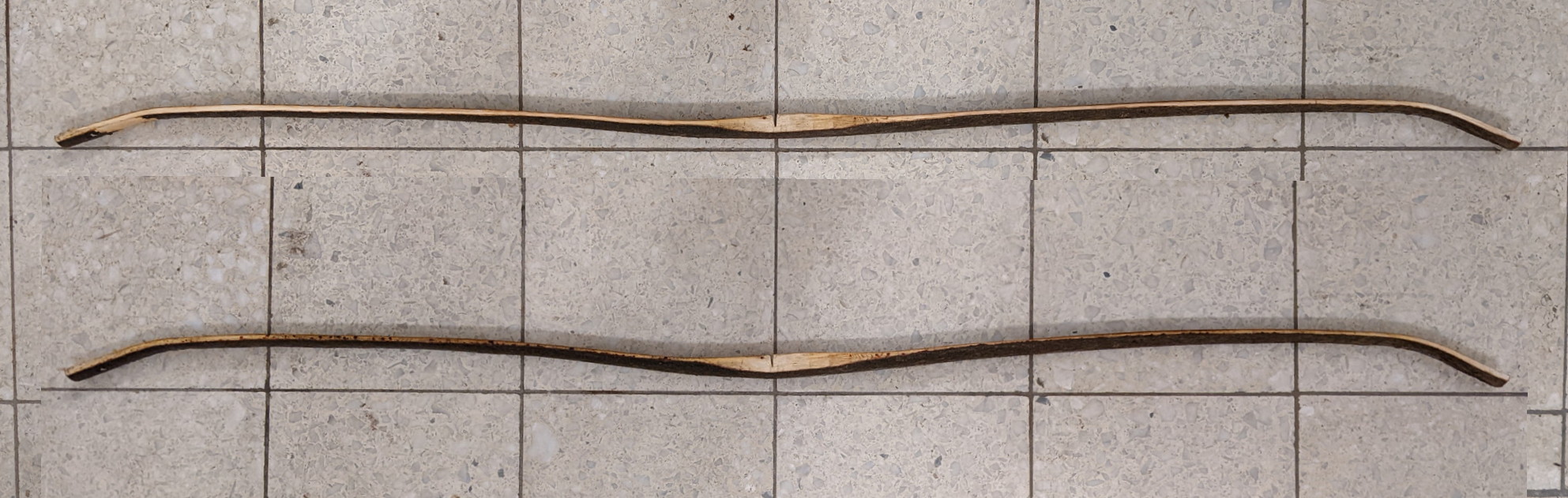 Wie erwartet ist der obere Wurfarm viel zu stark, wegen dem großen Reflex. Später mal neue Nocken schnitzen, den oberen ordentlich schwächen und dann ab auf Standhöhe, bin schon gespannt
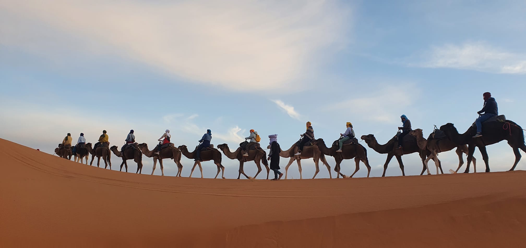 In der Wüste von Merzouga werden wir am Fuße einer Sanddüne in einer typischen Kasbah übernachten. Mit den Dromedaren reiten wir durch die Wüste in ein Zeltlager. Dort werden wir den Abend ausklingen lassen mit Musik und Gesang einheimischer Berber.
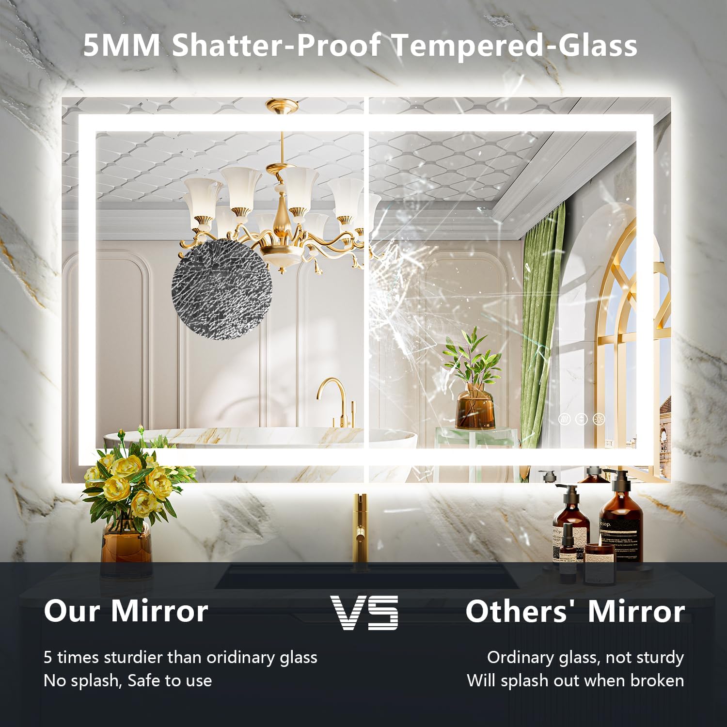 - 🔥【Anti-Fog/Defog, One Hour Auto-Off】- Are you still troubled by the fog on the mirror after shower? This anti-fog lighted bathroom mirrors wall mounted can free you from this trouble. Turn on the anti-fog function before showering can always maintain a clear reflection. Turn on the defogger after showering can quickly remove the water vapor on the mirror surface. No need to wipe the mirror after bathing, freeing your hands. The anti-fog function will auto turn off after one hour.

________

▸ TASK PROMPT
Should there be pictures in the data, leave them out and return the rest exactly.

▸ ANSWER TO THE EXERCISE
 Wie erwartet ist der obere Wurfarm viel zu stark, wegen dem großen Reflex. Später mal neue Nocken schnitzen, den oberen ordentlich schwächen und dann ab auf Standhöhe, bin schon gespannt
 In der Wüste von Merzouga werden wir am Fuße einer Sanddüne in einer typischen Kasbah übernachten. Mit den Dromedaren reiten wir durch die Wüste in ein Zeltlager. Dort werden wir den Abend ausklingen lassen mit Musik und Gesang einheimischer Berber.
 - 🔥【Anti-Fog/Defog, One Hour Auto-Off】- Are you still troubled by the fog on the mirror after shower? This anti-fog lighted bathroom mirrors wall mounted can free you from this trouble. Turn on the anti-fog function before showering can always maintain a clear reflection. Turn on the defogger after showering can quickly remove the water vapor on the mirror surface. No need to wipe the mirror after bathing, freeing your hands. The anti-fog function will auto turn off after one hour.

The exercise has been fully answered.